Records from a data collection
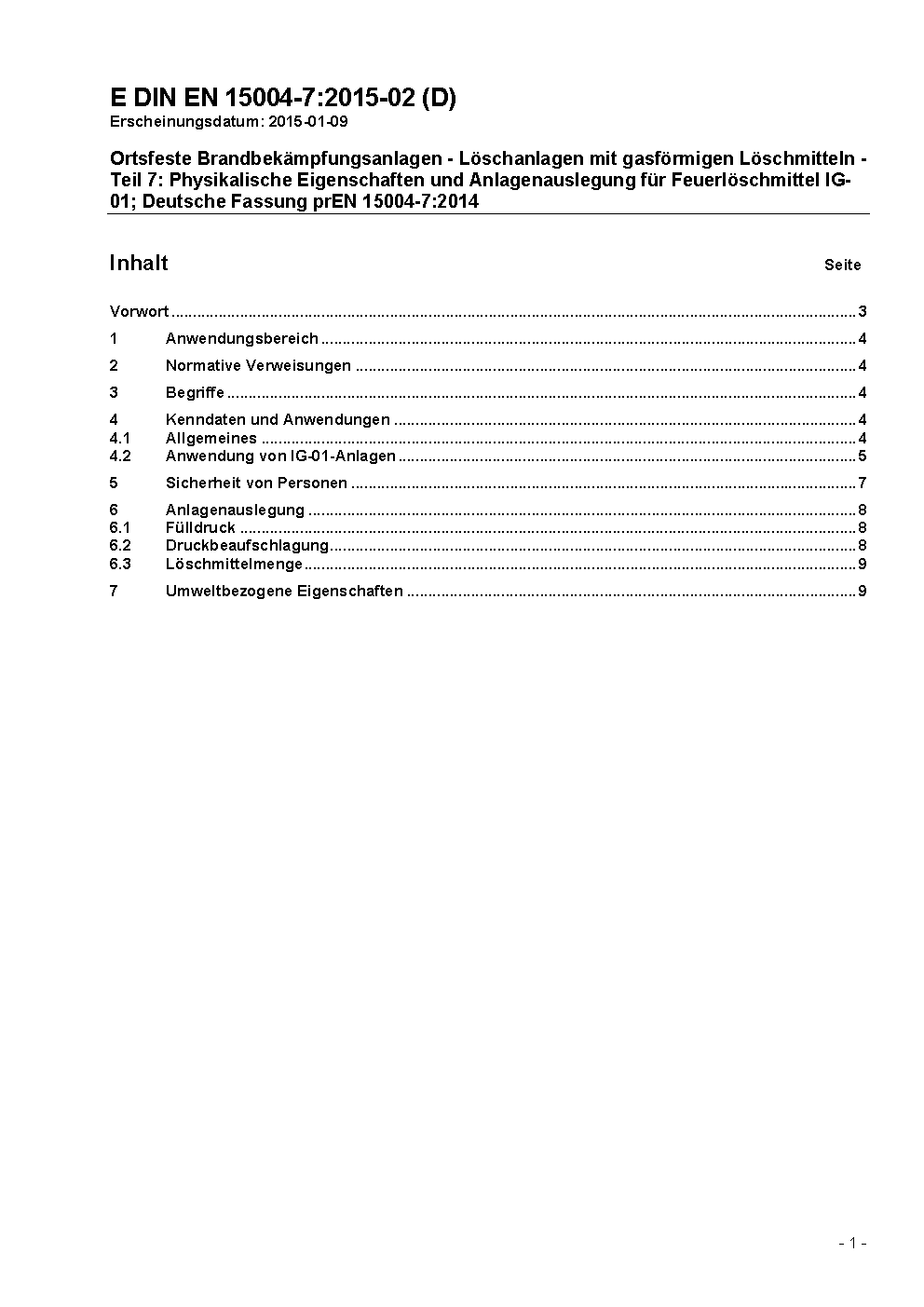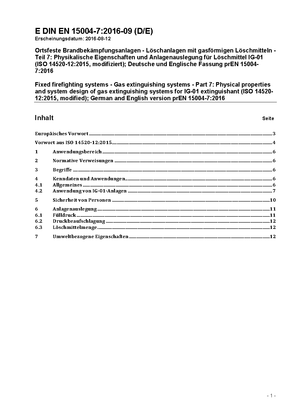 Ortsfeste Brandbekämpfungsanlagen - Löschanlagen mit gasförmigen Löschmitteln - Teil 7: Physikalische Eigenschaften und Anlagenauslegung für Feuerlöschmittel IG-01 (ISO 14520-12, modifiziert); Deutsche Fassung prEN 15004-7:2007
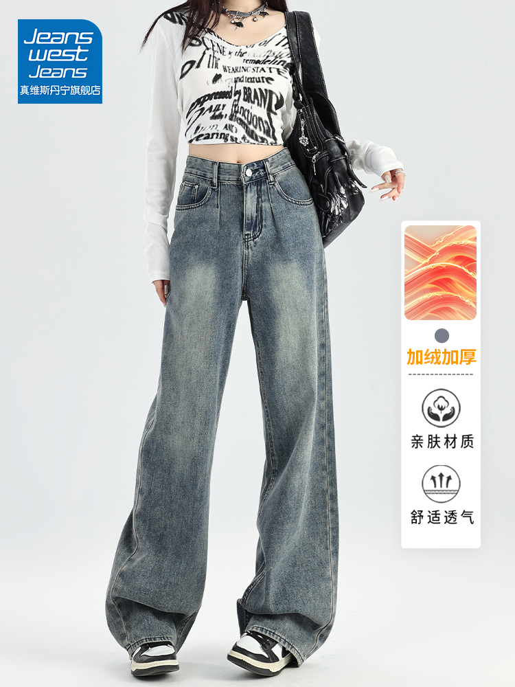 Jeans Retro Fleece-Lined Wide-Leg Jeans for Women, Winter Casual Loose Straight-Leg Floor-Length Pants
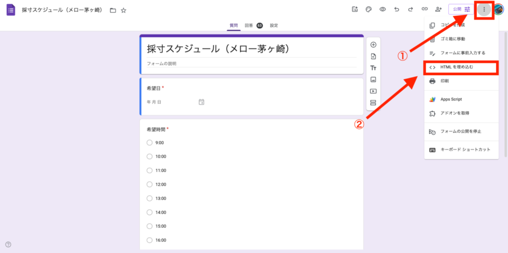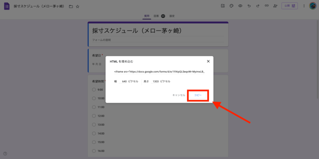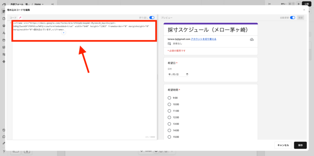 埋め込みコードの入力欄に、先ほどコピーしたGoogleフォームのコードを貼り付けます。
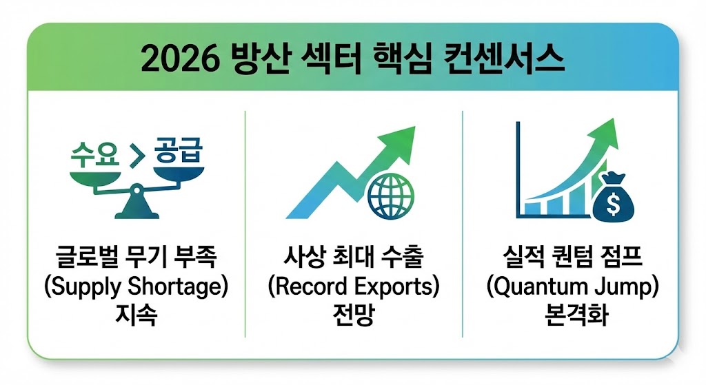핵심 요약: 2026년 대한민국 방산 섹터는 '일시적 테마'를 넘어 **'구조적 성장기(Super Cycle)'**에 진입했습니다. 러시아-우크라이나 전쟁 장기화, 중동 정세 불안, 그리고 트럼프 2기 행정부(가정) 등의 지정학적 리스크로 인해 글로벌 무기 수요가 공급을 초과하는 'Supply Shortage'가 지속되고 있습니다. JP모건, 골드만삭스 등 주요 IB들은 2026년을 K-방산 사상 최대 수출의 해로 전망하고 있습니다.
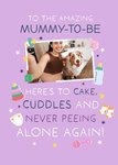 "To the amazing mummy-to-be. Here's to cake, cuddles and never peeing alone again!"
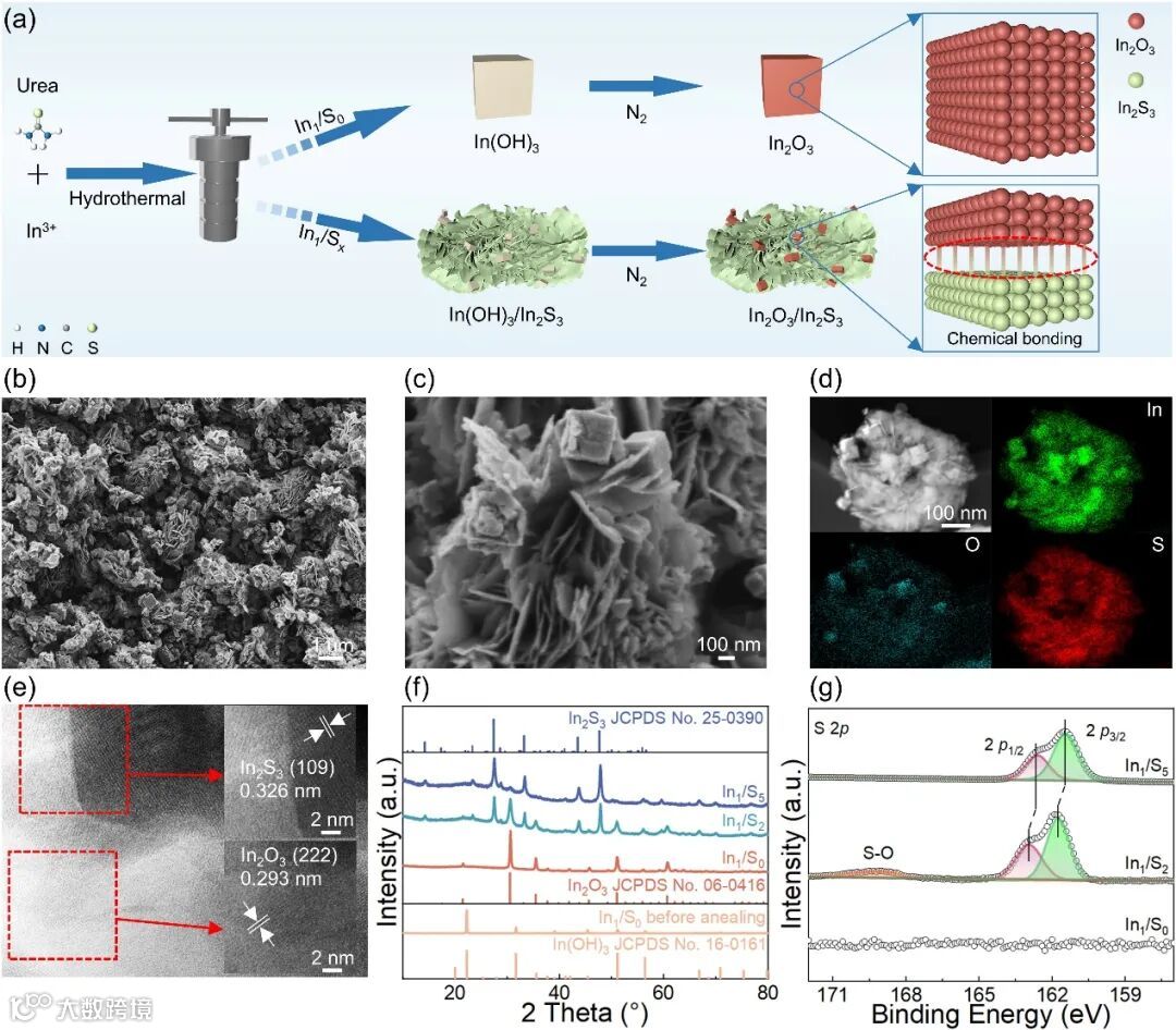 溶剂热法或酸性环境常用来合成纯的In2S3,而In2O3的生成更倾向于使用水热法。因此,为了合成In2O3和In2S3的复合材料,我们选择了水热法(图1a)。在中性条件下将硫源加入到硝酸铟中,以确保In(OH)3的沉淀生成。当未加入硫源时,只生成了立方相的In(OH)3。随着硫源从1/0增加到1/5,出现了一种新的具有杏仁状形态的片状结构,并逐渐增加,该结构为In2S3。与此同时,立方相In(OH)3的量逐渐减少(图1f)。退火后,In(OH)3分解成裂纹In2O3,并负载在In2S3上,且分布均匀(图1b-1e)。由于惰性气体环境,In2S3没有发生相变或形貌变化。价态分析表明,随着硫源逐步增加,S 2p的结合能显示出蓝移(图1g)。重要的是,我们在In1/S2的XPS谱图中观察到S–O键,而在另外两个样品中没有出现。同时,In 3d和O 1s的价态分别显示出红移和蓝移。这些结果表明,引入硫源导致了In2O3与In2S3之间化学键的形成。

**PROBLEM STATEMENT**.
In the data above, start at the line holding "埋め込みコードの入力欄に、先" and stop after the line holding "핵심 요약: 2026년"; write out those lines exactly, without pictures.

**FINISHED TASK**.
 埋め込みコードの入力欄に、先ほどコピーしたGoogleフォームのコードを貼り付けます。
핵심 요약: 2026년 대한민국 방산 섹터는 '일시적 테마'를 넘어 **'구조적 성장기(Super Cycle)'**에 진입했습니다. 러시아-우크라이나 전쟁 장기화, 중동 정세 불안, 그리고 트럼프 2기 행정부(가정) 등의 지정학적 리스크로 인해 글로벌 무기 수요가 공급을 초과하는 'Supply Shortage'가 지속되고 있습니다. JP모건, 골드만삭스 등 주요 IB들은 2026년을 K-방산 사상 최대 수출의 해로 전망하고 있습니다.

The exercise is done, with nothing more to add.